Streamlined Workflow for Identifying Candidate Functional Polymorphisms

         October 4, 2012

Since Dr. Ken Kaufman gave his webcast on Identifying Candidate Functional Polymorphisms in SVS, we’ve been working  with Dr. Kaufman to simplify and automate many of the steps in his workflow.  I touched on this in my last blog post, and I’m excited to report that with Ken’s help, we’ve been able to simplify the workflow even more.

In particular we’ve been able to automate some of the steps to repeat automatically over all trios.  The benefit to this approach, in Ken’s own words:

“I did this workflow on 51 trios today.  The first four steps take the longest (about an hour). The last three steps take about 15 minutes.
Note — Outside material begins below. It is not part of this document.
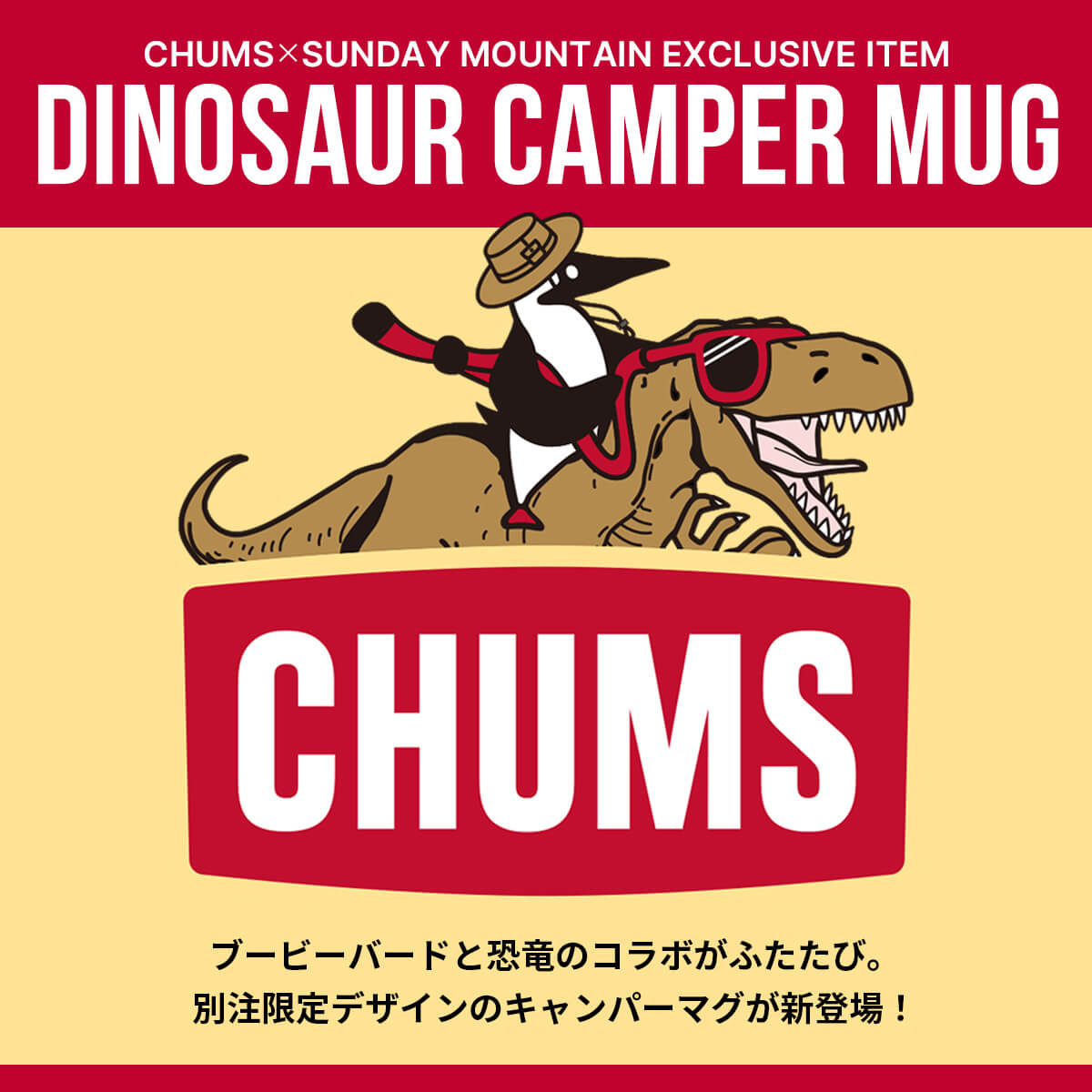 チャムス×サンデーマウンテン CHUMS別注ダイナソーキャンパーマグ CHUMS×SUNDAY MOUNTAIN dinosaur camper mug CH62-2268 コップ マグカップ ピクニック 恐竜 福井 キッズ 子供 登山 デイリーユース かわいい キャンプ アウトドア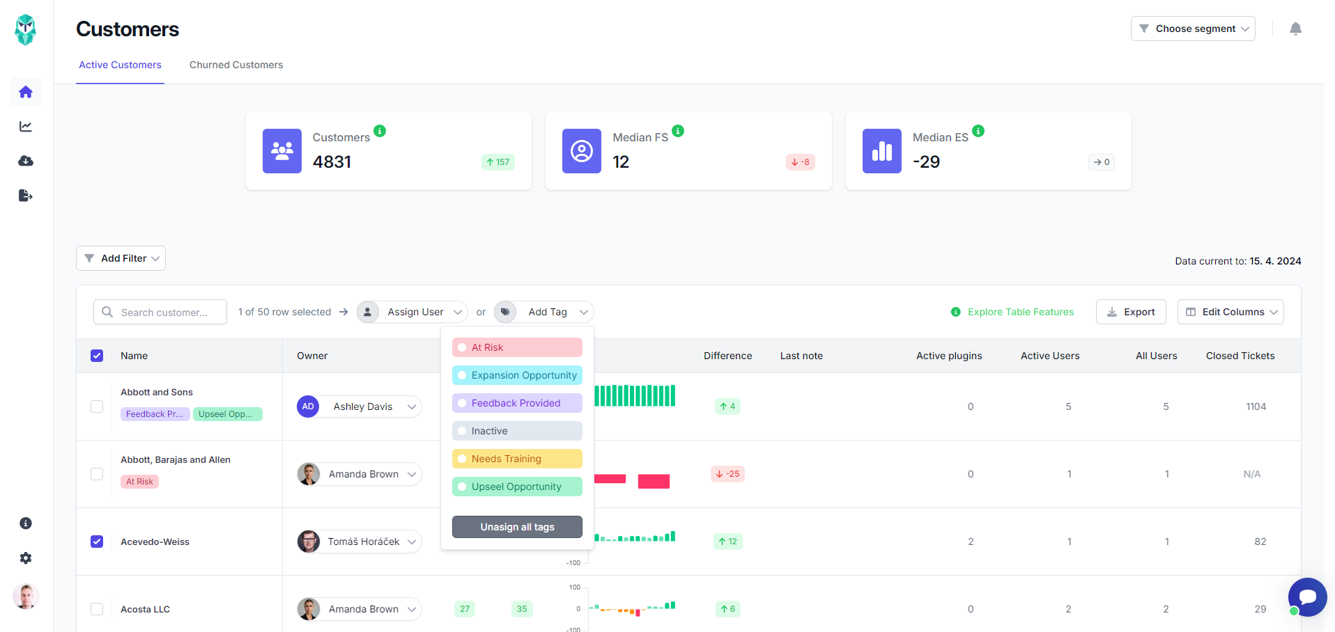 1) The first method is bulk tagging by selecting customers in the table of customers and clicking the "Add Tag" button. Once a tag is selected, all chosen customers will receive that tag. Tags can also be removed by clicking "Unassign all tags". Please note, that this action will remove all tags from all selected customers.

Previously it would have taken me over a week to do all this. It takes about as much time to export the results individually as it does to generate them.”

We are currently working on making this a tutorial that will be featured in the DNA-Seq section of the SVS Tutorials page.  Until that is completed, I want to provide our customers with a high-level outline of how to use these scripts in their workflow.  I won’t go into too much detail here (the tutorial will be up soon!), but we invite you to contact our bioinformatics support team with any questions you may have.

New Tools

Set Genotypes to No-Call based on Additional Spreadsheets
This tool is an expanded version of “Set Genotypes to No-Call based on Second Spreadsheet” that allows the user to filter based on several quality spreadsheets, such as read depth and quality score, in one pass.

Genotypic data will be set to no-call (?_?) given several filtering requirements that are applied to the corresponding numeric or categorical values. Each input spreadsheet must have at least one overlapping column header and row label.

This tool should also be used for all advanced ref/alt filtering regardless of the number of additional spreadsheets selected. “Set Genotypes to No-Call based on Second Spreadsheet” has been deprecated in SVS version 7.6.11 and replaced by Quality Assurance > Genotype > Set Genotypes to No-Call based on Additional Spreadsheets and Quality Assurance > Set Values to Missing based on Second Spreadsheet. The latter can be used on genotypic data as well as numeric and categorical.

Calculate Alt Read Ratio
Given alternate read depth and reference read depth spreadsheets, this tool calculates the ratio of alternate reads over total reads for each sample-variant cell.

In this workflow, heterozygous calls are of interest, which would have expected ratios near 50%. Distributions that have peaks around different values (such as 25%) most likely correspond to a misalignment of a replicated sequence and can be filtered out using “Set Genotypes to No-Call based on Additional Spreadsheets” or “Set Values to Missing based on Second Spreadsheet”.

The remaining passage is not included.